Los grandes siempre están en la otra vereda, el Negro Jefe lo sabía. La noche del maracanazo se pasó en los bares, abrazado a los brasileros que se preguntaban quién era ese morocho grandote; eran tiempos sin tele.
Lo recibieron en Uruguay con carteles gigantes, todos querían una foto con Obdulio, menos Obdulio. Sin ganas de blanquear dirigentes que días atrás pedían una derrota respetable, se escapó tapándose el rostro con un sombrero.

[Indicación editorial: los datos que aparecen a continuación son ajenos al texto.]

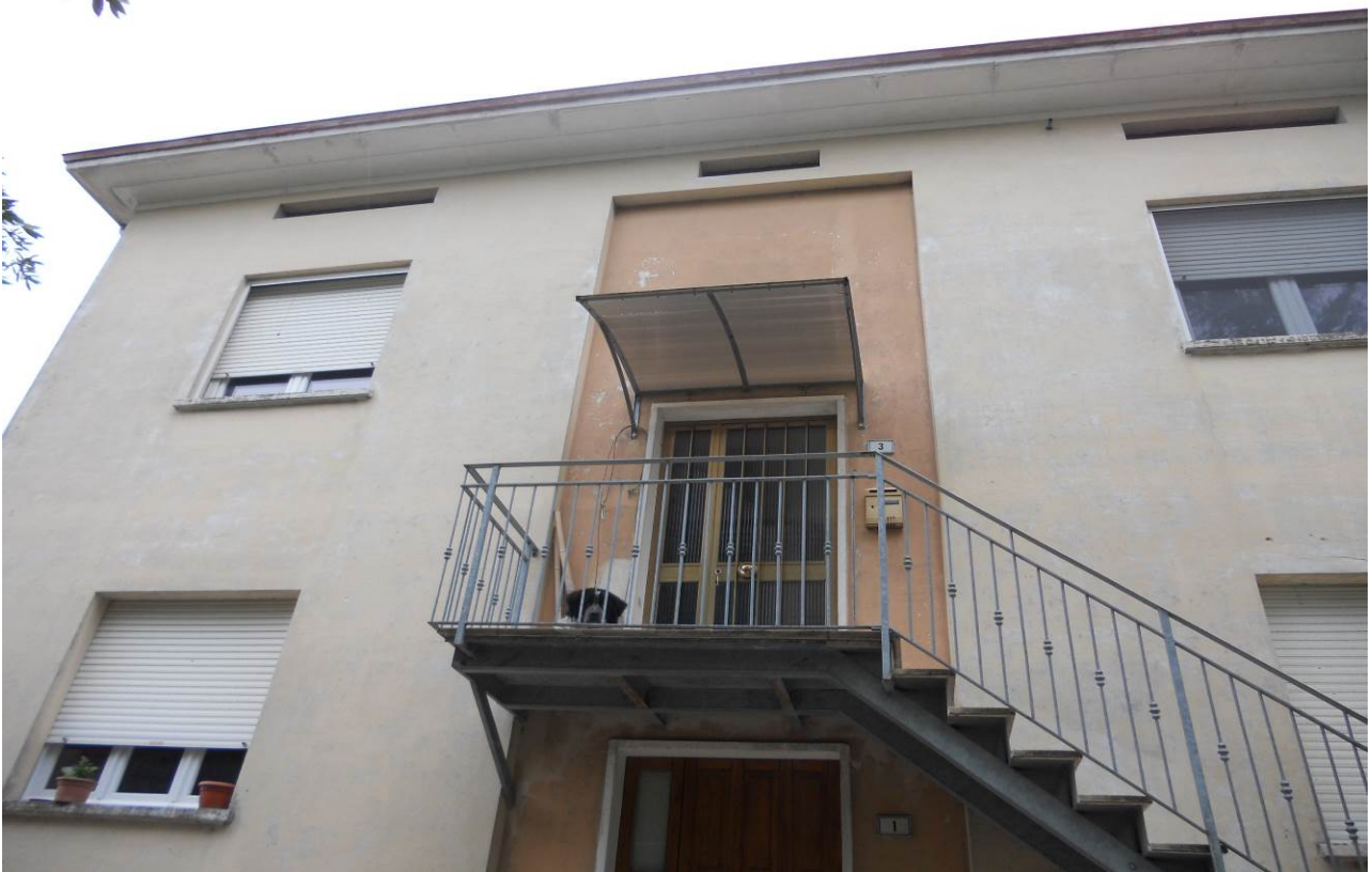
FOTO 15 – Particolare scala esterna di accesso indipendente all'appartamento al P.1°, unità sub. 3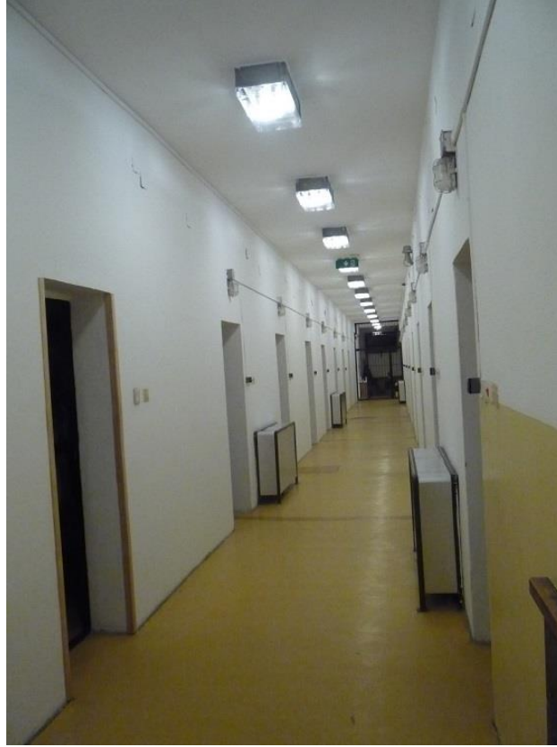
(1) Nógrád Megyei Rendőr-főkapitányság Központi Fogda folyosó

En la vereda de su casa, las guardias periodísticas se sucedían día y noche, una entrevista con Varela era un Pulitzer asegurado y sobre todo miles de revistas vendidas. Pero él no quería fama, ¿qué querían saber? Estaba todo dicho: qué, quién, dónde y cuándo, el por qué era lógico. Definitivamente el Negro Jefe era el hecho maldito que el periodismo futbolero odia: ¿cómo no va tener nada que decir?
Y como el Negro no hablaba, no faltaron lo que hablaron por él, buscando un pedacito de gloria mientras que el ídolo, con el dinero recibido por el campeonato mundial, se compró un Ford del 32’ que se lo robaron a la semana.